Birth of a new party
After walking out on the Republican Convention and forming the new Progressive Party, President Roosevelt, when suggested by reporters that he was no longer fit for the office, retorted "I'm as fit as a bull moose" (giving the new party its nickname), and he called his own convention and nominated a national ticket with California Governor Hiram Johnson as his vice-presidential running mate. State parties also nominated slates in most northern states. The platform echoed Roosevelt's 1907-08 proposals, calling for vigorous government intervention to protect the people from the selfish interests.

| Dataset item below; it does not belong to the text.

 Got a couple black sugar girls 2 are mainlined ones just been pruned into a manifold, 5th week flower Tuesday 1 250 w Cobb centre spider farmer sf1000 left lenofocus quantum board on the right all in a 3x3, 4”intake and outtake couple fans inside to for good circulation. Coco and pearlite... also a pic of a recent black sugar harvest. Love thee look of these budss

- "To destroy this invisible Government, to dissolve the unholy alliance between corrupt business and corrupt politics is the first task of the statesmanship of the day." - 1912 Progressive Party Platform
The great majority of Republican governors, congressmen, editors and state and local leaders refused to join the new party, even if they had supported Roosevelt before. Johnson, the Vice-Presidential nominee, who had been elected Governor in California in 1910, remained a member of the Republican Party because his supporters took control of the GOP in California. However, many independent reformers signed up. Three important activists were Gifford Pinchot and his brother Amos Pinchot and feminist Jane Addams.
Only five of the 15 most prominent progressive Republicans in the Senate endorsed the new party and Roosevelt's candidacy for President; three came out for Wilson. Many of Roosevelt's closest political allies supported Taft, including his son-in-law, Nicholas Longworth. Roosevelt's daughter Alice Roosevelt Longworth stuck with her father, causing a permanent chill in her marriage. For men like Longworth, expecting a future in politics, bolting the Republican party ticket was simply too radical a step. Progressives who did not aspire to elective office often went with Woodrow Wilson.

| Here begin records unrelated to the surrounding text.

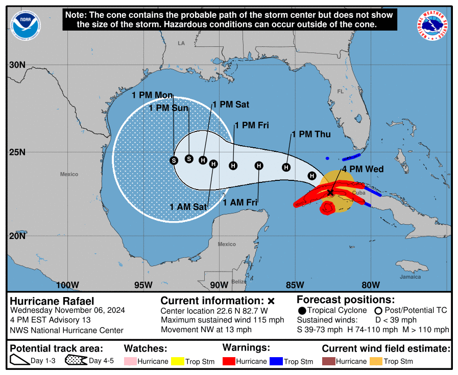Se espera que el huracán cruce la Isla y salga por la costa norte, entre Pinar del Río y Artemisa, cerca de Bahía Honda, manteniendo condiciones extremas hasta bien entrada la noche. El recorrido de Rafael por territorio cubano demorará entre tres y cuatro horas.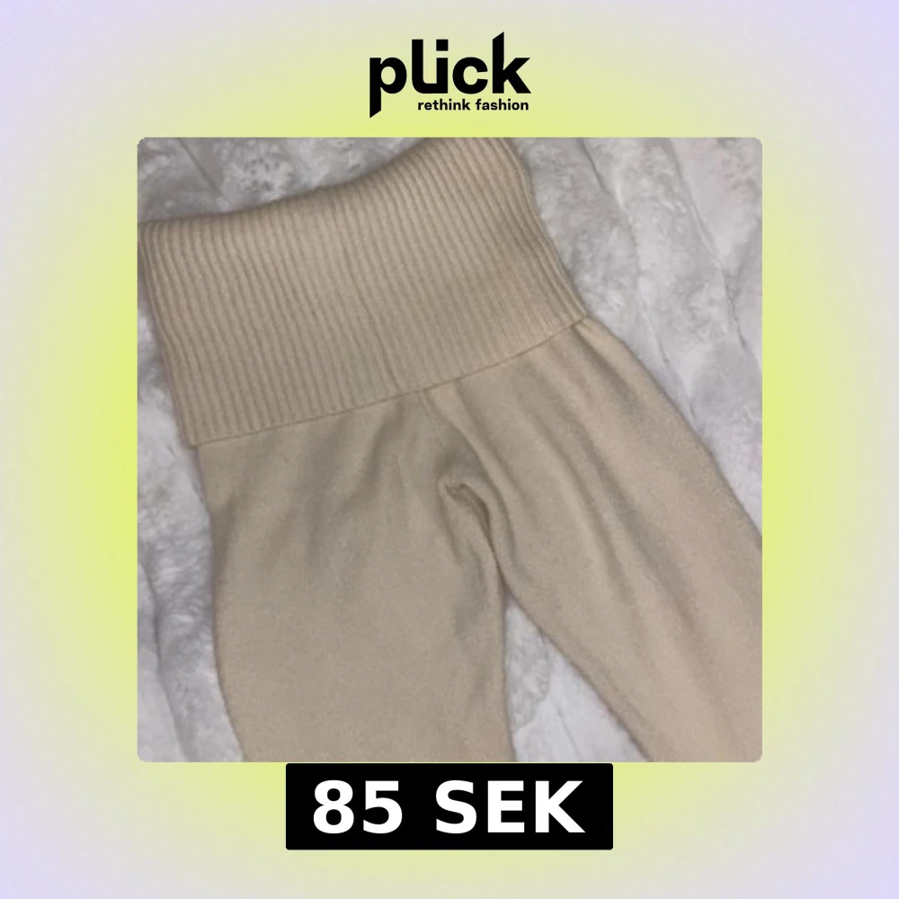 Mysiga beige stickade byxor med extra bred ribbad midja som kan vikas ner. Väldigt stretchiga! Mest för personer under 170cm! (Korta i benen)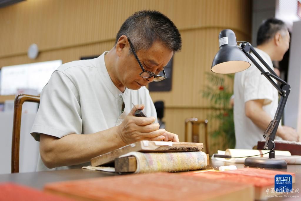 8月22日,在揚(yáng)州市圖書館,江蘇省雕版工藝美術(shù)大師沈樹華在“古籍里的揚(yáng)州運(yùn)河文化”市集上為市民展示雕刻技藝。

The most serious problem faced by the Progressive Party was money. The business interests who usually funded Republican campaigns were either sitting this one out, or supporting Taft. Newspaper publisher Frank Munsey provided most of the funds, with large sums also given by George W. Perkins. Perkins was a divisive factor; a former top official of U.S. Steel, he single-handedly removed the antitrust plank from the Progressive platform. Radicals such as Pinchot deeply distrusted Perkins and Munsey, though realizing the fledgling party depended on their deep pockets. A few newspapers endorsed Roosevelt, including the Chicago Tribune, but the great majority stood behind Taft or Wilson. Lacking a strong party press, the Bull Moosers had to spend most of their money on publicity. Finally the new party was funded by publisher Frank A. Munsey and its executive secretary George W. Perkins, a leading financier.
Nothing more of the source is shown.